Este dato fue filtrado hace meses por algunos medios de comunicación, ya que fue adelantado por algunos investigadores en un evento. Sin embargo, se malinterpretó: «Nosotros no decimos que todos los hombres de la península fueron exterminados hace más de 4.000 años, como se dijo, no sabemos cómo fue el proceso y pudo ser complejo».

La investigación abarca un periodo de tiempo sin precedentes, aproximadamente entre el año 6.000 a. C. y el 1.500 d. C., que permite entender muchos cambios poblacionales en la península ibérica. Aunque la arqueología ofrece mucha información histórica y cultural, las técnicas que permiten estudiar el ADN antiguo que se puede encontrar en esqueletos es una herramienta poderosa que revela la relación biológica entre distintas poblaciones.

Los mesolíticos leoneses

En el estudio que publica Science también se incluye nueva información acerca de los dos cuerpos encontrados en la cueva de La Braña-Arintero en 2014. Investigaciones anteriores que también estuvieron lideradas por Íñigo Olalde desvelaron por primera vez el genoma completo del ser humano del mesolítico, el de uno de los dos esqueletos, llegando a ser calificado como «primer europeo», con 7.000 años de antigüedad.
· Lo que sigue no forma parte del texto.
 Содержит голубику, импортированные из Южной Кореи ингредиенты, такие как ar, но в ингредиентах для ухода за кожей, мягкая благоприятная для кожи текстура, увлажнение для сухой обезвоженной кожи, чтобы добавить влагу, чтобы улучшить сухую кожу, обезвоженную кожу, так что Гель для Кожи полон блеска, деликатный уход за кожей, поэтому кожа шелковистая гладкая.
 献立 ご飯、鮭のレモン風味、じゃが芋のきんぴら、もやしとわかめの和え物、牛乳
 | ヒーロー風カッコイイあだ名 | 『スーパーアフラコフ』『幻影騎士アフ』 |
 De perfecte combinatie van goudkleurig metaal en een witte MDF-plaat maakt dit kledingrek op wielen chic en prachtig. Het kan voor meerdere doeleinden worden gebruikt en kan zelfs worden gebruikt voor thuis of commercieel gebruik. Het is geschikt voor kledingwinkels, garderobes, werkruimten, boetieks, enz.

Ahora se ha estudiado el segundo, de manera que se ha confirmado la hipótesis de que ambos eran hermanos.

Además, la comparación del genoma de estos individuos de La Braña-Arintero con el de otros pobladores de la Península descubre que la población ibérica tenía distintos orígenes. «En el norte parece que tenían ancestros más recientes de fuera de la Península, más relacionados con el centro de Europa», apunta el investigador.
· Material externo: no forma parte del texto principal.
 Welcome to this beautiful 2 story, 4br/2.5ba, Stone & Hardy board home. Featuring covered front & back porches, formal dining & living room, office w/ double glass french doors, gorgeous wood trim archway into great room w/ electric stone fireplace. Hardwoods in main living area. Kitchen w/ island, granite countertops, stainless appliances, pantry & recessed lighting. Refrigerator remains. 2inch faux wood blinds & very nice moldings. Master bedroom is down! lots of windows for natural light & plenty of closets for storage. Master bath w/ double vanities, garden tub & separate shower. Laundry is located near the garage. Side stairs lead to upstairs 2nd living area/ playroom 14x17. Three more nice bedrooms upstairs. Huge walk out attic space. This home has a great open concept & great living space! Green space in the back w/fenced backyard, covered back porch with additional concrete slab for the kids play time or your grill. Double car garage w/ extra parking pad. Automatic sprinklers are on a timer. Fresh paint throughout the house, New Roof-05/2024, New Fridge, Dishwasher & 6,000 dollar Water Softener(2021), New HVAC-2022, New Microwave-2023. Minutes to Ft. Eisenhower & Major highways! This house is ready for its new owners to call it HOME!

Los análisis genéticos revelan que entre el 2.500 y el 2.000 a.C, la población típicamente ibérica del Neolítico coexistió con los descendientes de las poblaciones esteparias que 500 años antes se habían propagado rápidamente por toda Europa desde la estepa rusa.

«Fue una colonización que larga, de unos 500 años», que dejó su impronta en la composición genética de la población de la Península Ibérica que, durante la Edad del Bronce, había perdido cerca del 40% de su ascendencia genética y el 100% de los linajes ibéricos paternos, que fueron sustituidos por el estepario (que perdura hoy en día).
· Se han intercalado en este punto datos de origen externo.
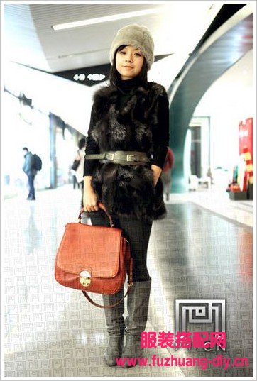 皮草的帽子以及皮草的背心,搭配起来很有冬天的感觉,只是红色复古手袋的加入有些突然。

Dos de los genomas estudiados en el trabajo ilustran ese momento de la historia. «Son los restos de una pareja enterrada en Castillejo del Bonete (Ciudad Real). El hombre tiene ancestros muy recientes provenientes de estos nuevos grupos humanos que llegaron a la Península, mientras que la mujer es de ancestralidad ibérica. También sabemos que ella tenía una dieta marítima y que venía de la costa y, pese a estas diferencias, están enterrados juntos. Es un ejemplo muy ilustrativo de coexistencia», destaca Lalueza-Fox.

Y es que uno de los aspectos más interesantes del ADN es que «cuenta qué eventos sucedieron y cuándo pero no cómo».